“Interfaith dialogue is not about similarities or differences, it’s about humanity. It’s about letting people be who they are.” Gagandeep Kaur’s involvement within the interfaith movement in San Diego is guided by this intentional inclusivity and desire to cultivate mutual respect amidst theological and cultural difference. Kaur, a well-known and respected leader in San Diego’s interfaith movement, holds positions in numerous organizations while simultaneously working on her own to foster positive interfaith relations. In addition to articulating well the needs and desires of minority groups, especially her own Sikh community, Kaur insists that, in all endeavors, “its about equality, egalitarianism—everyone’s voice is important.”
Kaur came of age in New York during the 1970s. “My brother was the only Sikh boy in the whole school, the only one, and I remember what he went through. I remember my dad being the only Sikh man for days that I would ever see…” As a child, she remembers being “very conscious of walking down the street,” cognizant of the “weird comments that people would make…” But, she adds, “I didn’t have it hard. I looked like an Indian girl. [The men] had it hard because of the beards and all.” Her ex-husband co-founded the first and oldest Sikh civil liberties organization in the mid-1990’s then called the Sikh Mediawatch and Resource Task Force in Washington D.C. which is now known as Sikh American Legal Defense and Education Fund (SALDEF). Although Kaur ultimately chose a career in financial advising, she was so steeped in this environment that as world events unfolded, she found herself drawn into discussions about religion.
For many people, the events of 9/11 spurred a renewed interest in interfaith relations; Kaur was no exception. She credits those tragic events as the decisive moment that pushed her onto the interfaith scene in San Diego. “When 9/11 happened, it was my first introduction into the interfaith community…actually the first hate crime was a Sikh gentleman in Arizona and in San Diego we had a lady who was stabbed with a pen or pencil on Miramar Road…I was so active in civil liberties that [I] got involved.” Kaur, like so many Americans, felt the immediate impact of discrimination being directed toward minority religious communities, especially immigrants. Then, as now, her mission in a post-9/11 context became “representing the Sikh voice in the interfaith diaspora here in San Diego.”
A decade later, Kaur is a board member and past president of the Interreligious Council of San Diego (IRC), a diverse organization committed to working across religious lines on labor and immigration issues, among others; a lead developer of the San Diego Regional Interfaith Collaborative (SDRIC), an umbrella network dedicated working on social issues; and, an organizer for the long-running All-Faiths Dialogue, a group that seeks to mutually exchange ideas to work for the common good.
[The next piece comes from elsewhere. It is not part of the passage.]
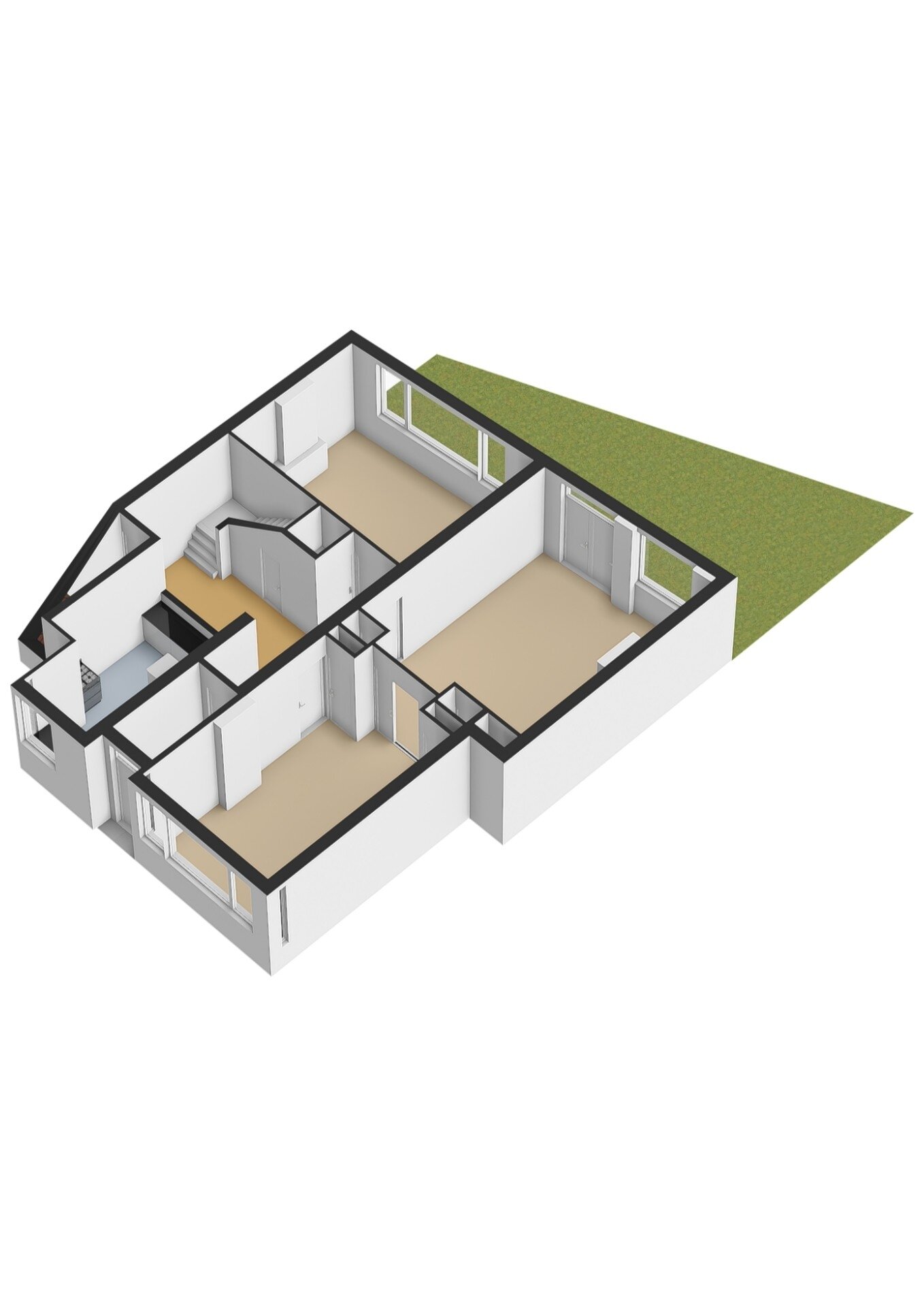 De keuken bevindt zich centraal in de woning en is functioneel ingericht, met een directe verbinding naar de hal en de woonvertrekken, praktisch en overzichtelijk in gebruik.
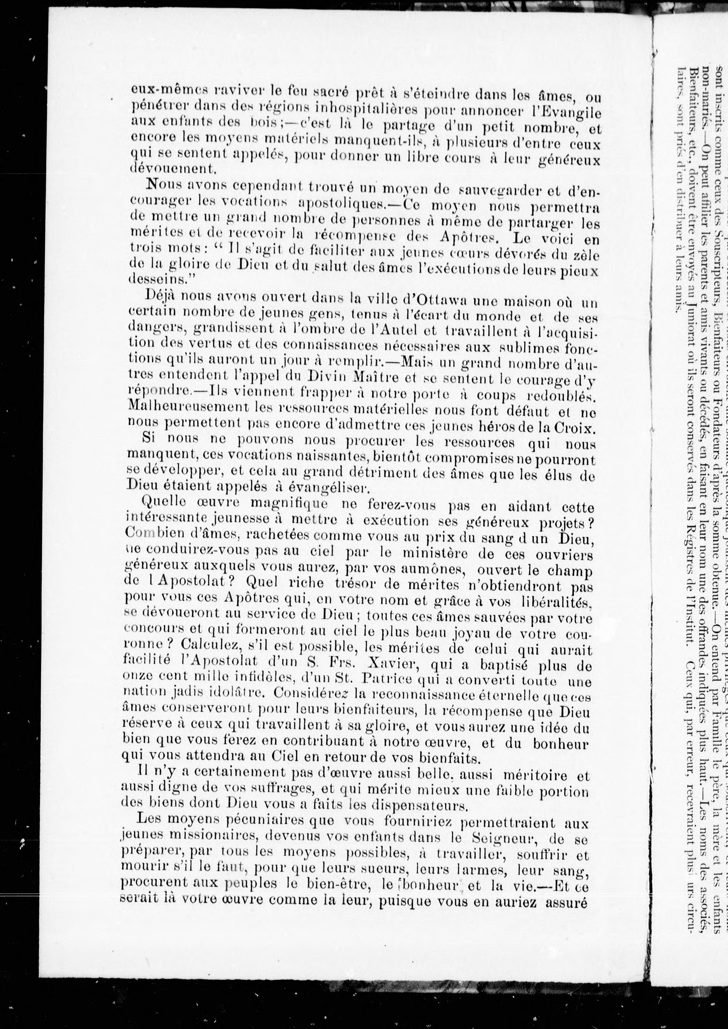 Les juniorats ou oeuvre des jeunes missionnaires fondée et dirigée par les PP. Oblats de Marie Immaculée.

Additionally, Kaur serves on the San Diego District Attorney’s Interfaith Advisory Board, a group that counsels victims and victimizers in non-violent cases, attempting to mediate tensions and provide healing from a spiritual perspective.
Reflecting upon her thirteen years of experience in the interfaith organizing, Kaur identifies the reliance upon Abrahamic, particularly Christian, language that is applied by many to all world religions as the biggest stumbling block to effective engagement. She explains, “language [is] a very big part of the challenge in interreligious dialogue; language is charged and powerful. An understanding of difference must happen in order for interreligious dialogue to happen.” Even the word “interfaith,” can be uncomfortable for her to use; it carries with it Christian connotations which Kaur fears might alienate non-Christian participants. She prefers instead what she considers a more neutral term: “interreligious.” Her focus on language bespeaks of her desire for true inclusivity, a challenge she believes San Diego can rise to meet. True inclusivity, according to Kaur, is “not just religious sensitivity, it is cultural sensitivity too, and that’s what the missing link is. I think we’re not going to see [dialogue] evolve until these issues are understood.”
Theologically, Kaur explains that “when two or more people get together and talk about God, that’s called ‘holy congregation,’” a concept and practice many in the Sikh community consider find to be enlightening and deeply moving. Before her work in interfaith organizing, she believed this kind of congregation could only take place among Sikhs. Now, her perspective has shifted; she is most proud of the fact that she understands that groups of people coming together, from any religious or ethnic group, as something profound and deeply meaningful. She stresses the ongoing need for “the interfaith plane” to become “equal as possible in order for it to be effective.” Kaur’s life experiences, especially since she began organizing interfaith initiatives, give her hope that such equality is possible.